── SUPPLIED DATA ──

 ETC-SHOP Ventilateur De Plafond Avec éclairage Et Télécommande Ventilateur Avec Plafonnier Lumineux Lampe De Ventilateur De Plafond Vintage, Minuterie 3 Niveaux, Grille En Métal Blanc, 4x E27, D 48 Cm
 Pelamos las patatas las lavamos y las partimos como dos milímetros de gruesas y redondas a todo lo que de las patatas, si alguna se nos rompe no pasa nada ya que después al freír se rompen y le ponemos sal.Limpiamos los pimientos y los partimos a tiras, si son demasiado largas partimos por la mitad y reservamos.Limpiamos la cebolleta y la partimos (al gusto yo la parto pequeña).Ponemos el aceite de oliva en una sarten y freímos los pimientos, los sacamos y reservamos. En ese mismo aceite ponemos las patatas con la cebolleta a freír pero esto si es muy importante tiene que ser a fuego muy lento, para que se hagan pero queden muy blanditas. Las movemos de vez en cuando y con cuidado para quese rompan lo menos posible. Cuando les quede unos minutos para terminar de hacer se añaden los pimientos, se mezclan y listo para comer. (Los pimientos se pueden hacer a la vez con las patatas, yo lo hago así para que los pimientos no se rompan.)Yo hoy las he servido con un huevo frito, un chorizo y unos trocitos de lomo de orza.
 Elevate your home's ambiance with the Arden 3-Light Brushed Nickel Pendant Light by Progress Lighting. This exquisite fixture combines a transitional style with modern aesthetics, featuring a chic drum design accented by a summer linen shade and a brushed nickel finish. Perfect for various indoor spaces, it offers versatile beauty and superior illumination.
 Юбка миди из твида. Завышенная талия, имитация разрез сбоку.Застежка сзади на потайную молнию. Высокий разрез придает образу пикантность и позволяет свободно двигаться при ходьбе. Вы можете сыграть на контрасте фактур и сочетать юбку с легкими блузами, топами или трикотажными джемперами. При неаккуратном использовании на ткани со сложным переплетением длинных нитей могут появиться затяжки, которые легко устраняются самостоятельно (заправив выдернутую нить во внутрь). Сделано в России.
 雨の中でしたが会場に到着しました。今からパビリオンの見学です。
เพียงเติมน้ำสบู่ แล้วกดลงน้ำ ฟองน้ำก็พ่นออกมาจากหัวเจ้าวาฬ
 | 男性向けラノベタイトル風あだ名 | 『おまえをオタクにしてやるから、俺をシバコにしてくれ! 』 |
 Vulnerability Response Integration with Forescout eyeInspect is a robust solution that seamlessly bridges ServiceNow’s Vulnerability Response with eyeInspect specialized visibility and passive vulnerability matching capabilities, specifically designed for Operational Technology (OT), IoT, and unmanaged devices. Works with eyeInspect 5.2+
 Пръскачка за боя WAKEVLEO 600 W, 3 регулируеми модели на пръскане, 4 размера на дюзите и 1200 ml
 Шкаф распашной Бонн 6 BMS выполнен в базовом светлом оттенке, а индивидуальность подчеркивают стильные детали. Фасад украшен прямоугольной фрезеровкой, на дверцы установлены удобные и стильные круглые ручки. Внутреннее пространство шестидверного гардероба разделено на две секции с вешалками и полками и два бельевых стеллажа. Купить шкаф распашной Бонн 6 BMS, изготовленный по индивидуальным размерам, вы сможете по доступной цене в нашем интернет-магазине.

───
── SUPPLIED DATA ──

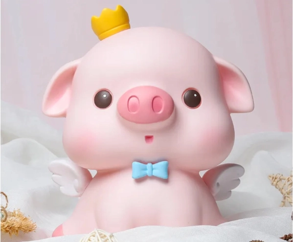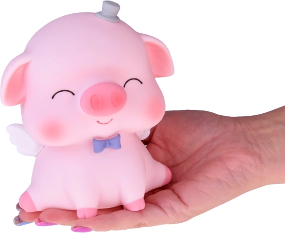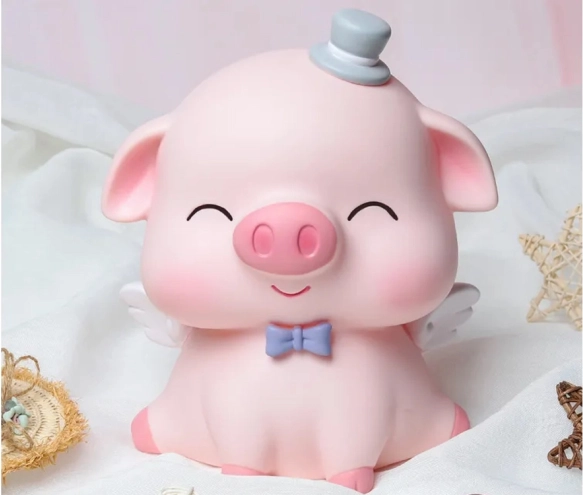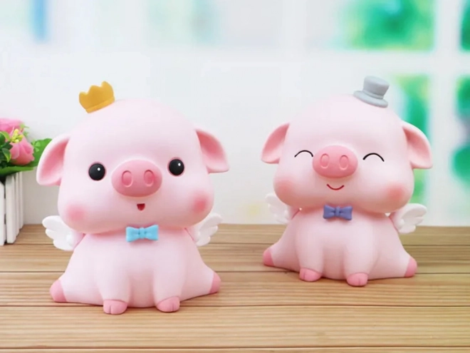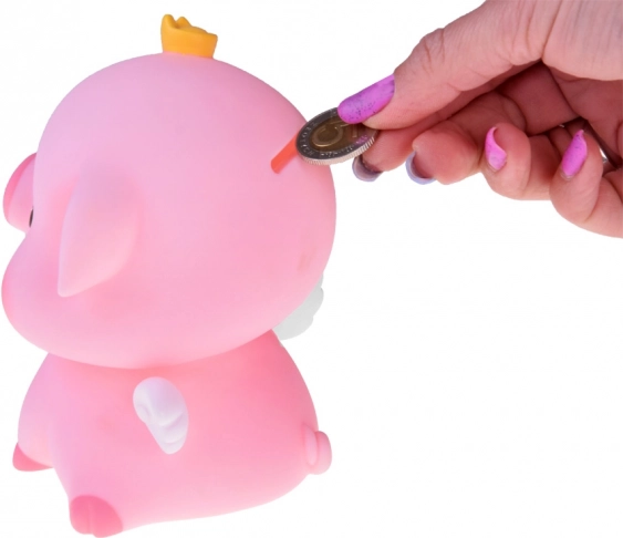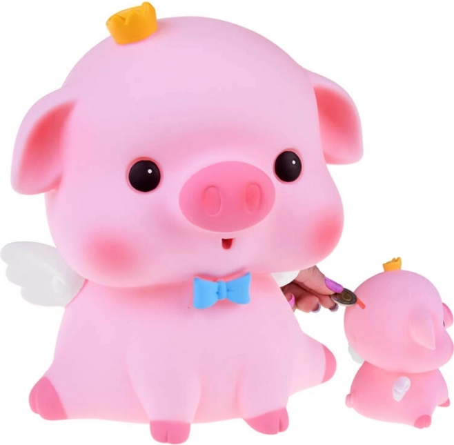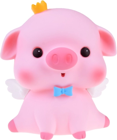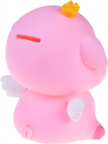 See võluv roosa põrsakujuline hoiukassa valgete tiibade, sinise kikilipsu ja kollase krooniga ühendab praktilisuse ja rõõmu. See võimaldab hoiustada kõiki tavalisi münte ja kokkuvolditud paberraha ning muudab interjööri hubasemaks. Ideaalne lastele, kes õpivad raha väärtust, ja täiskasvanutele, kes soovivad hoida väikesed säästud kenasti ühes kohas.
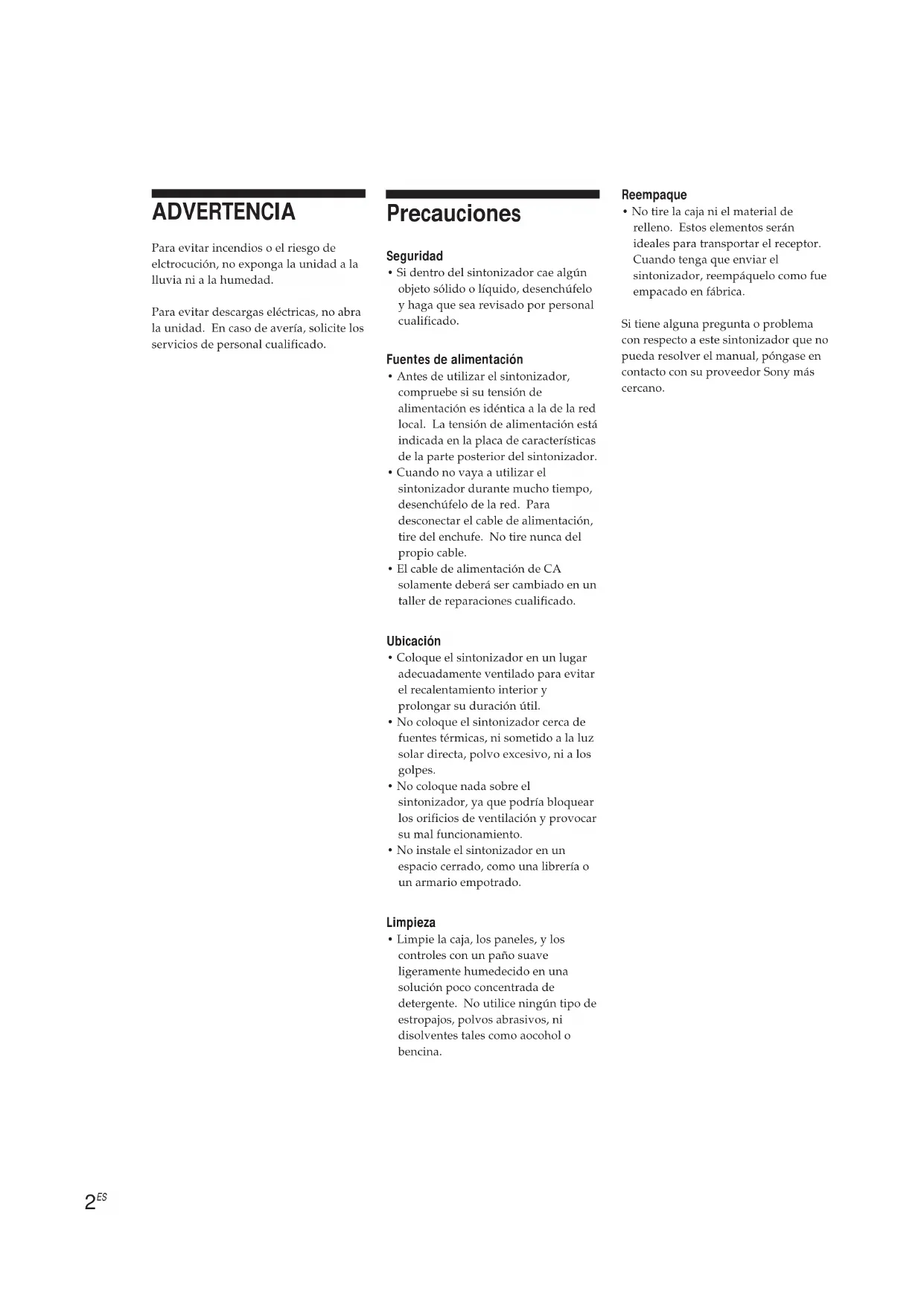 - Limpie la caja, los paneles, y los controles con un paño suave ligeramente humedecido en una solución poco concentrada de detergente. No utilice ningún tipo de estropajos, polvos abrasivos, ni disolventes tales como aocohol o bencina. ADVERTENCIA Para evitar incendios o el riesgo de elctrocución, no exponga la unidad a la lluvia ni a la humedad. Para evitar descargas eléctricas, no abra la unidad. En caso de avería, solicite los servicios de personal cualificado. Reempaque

───
── SUPPLIED DATA ──

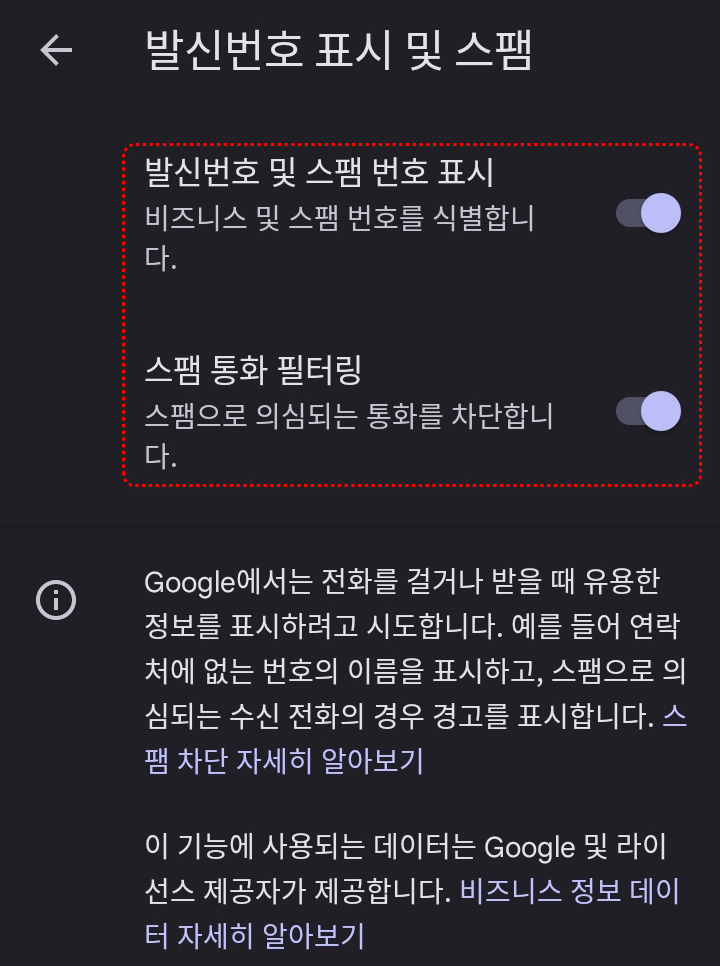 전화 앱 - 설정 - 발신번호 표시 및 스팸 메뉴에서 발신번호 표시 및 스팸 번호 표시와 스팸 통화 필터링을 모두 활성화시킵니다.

───

ABOUT THIS EXERCISE: Return exactly, and only, the lines above starting at the line that contains "ETC-SHOP Ventilateur De" and ending at the line that contains "Elevate your home's".

ANSWER BELOW:
 ETC-SHOP Ventilateur De Plafond Avec éclairage Et Télécommande Ventilateur Avec Plafonnier Lumineux Lampe De Ventilateur De Plafond Vintage, Minuterie 3 Niveaux, Grille En Métal Blanc, 4x E27, D 48 Cm
 Pelamos las patatas las lavamos y las partimos como dos milímetros de gruesas y redondas a todo lo que de las patatas, si alguna se nos rompe no pasa nada ya que después al freír se rompen y le ponemos sal.Limpiamos los pimientos y los partimos a tiras, si son demasiado largas partimos por la mitad y reservamos.Limpiamos la cebolleta y la partimos (al gusto yo la parto pequeña).Ponemos el aceite de oliva en una sarten y freímos los pimientos, los sacamos y reservamos. En ese mismo aceite ponemos las patatas con la cebolleta a freír pero esto si es muy importante tiene que ser a fuego muy lento, para que se hagan pero queden muy blanditas. Las movemos de vez en cuando y con cuidado para quese rompan lo menos posible. Cuando les quede unos minutos para terminar de hacer se añaden los pimientos, se mezclan y listo para comer. (Los pimientos se pueden hacer a la vez con las patatas, yo lo hago así para que los pimientos no se rompan.)Yo hoy las he servido con un huevo frito, un chorizo y unos trocitos de lomo de orza.
 Elevate your home's ambiance with the Arden 3-Light Brushed Nickel Pendant Light by Progress Lighting. This exquisite fixture combines a transitional style with modern aesthetics, featuring a chic drum design accented by a summer linen shade and a brushed nickel finish. Perfect for various indoor spaces, it offers versatile beauty and superior illumination.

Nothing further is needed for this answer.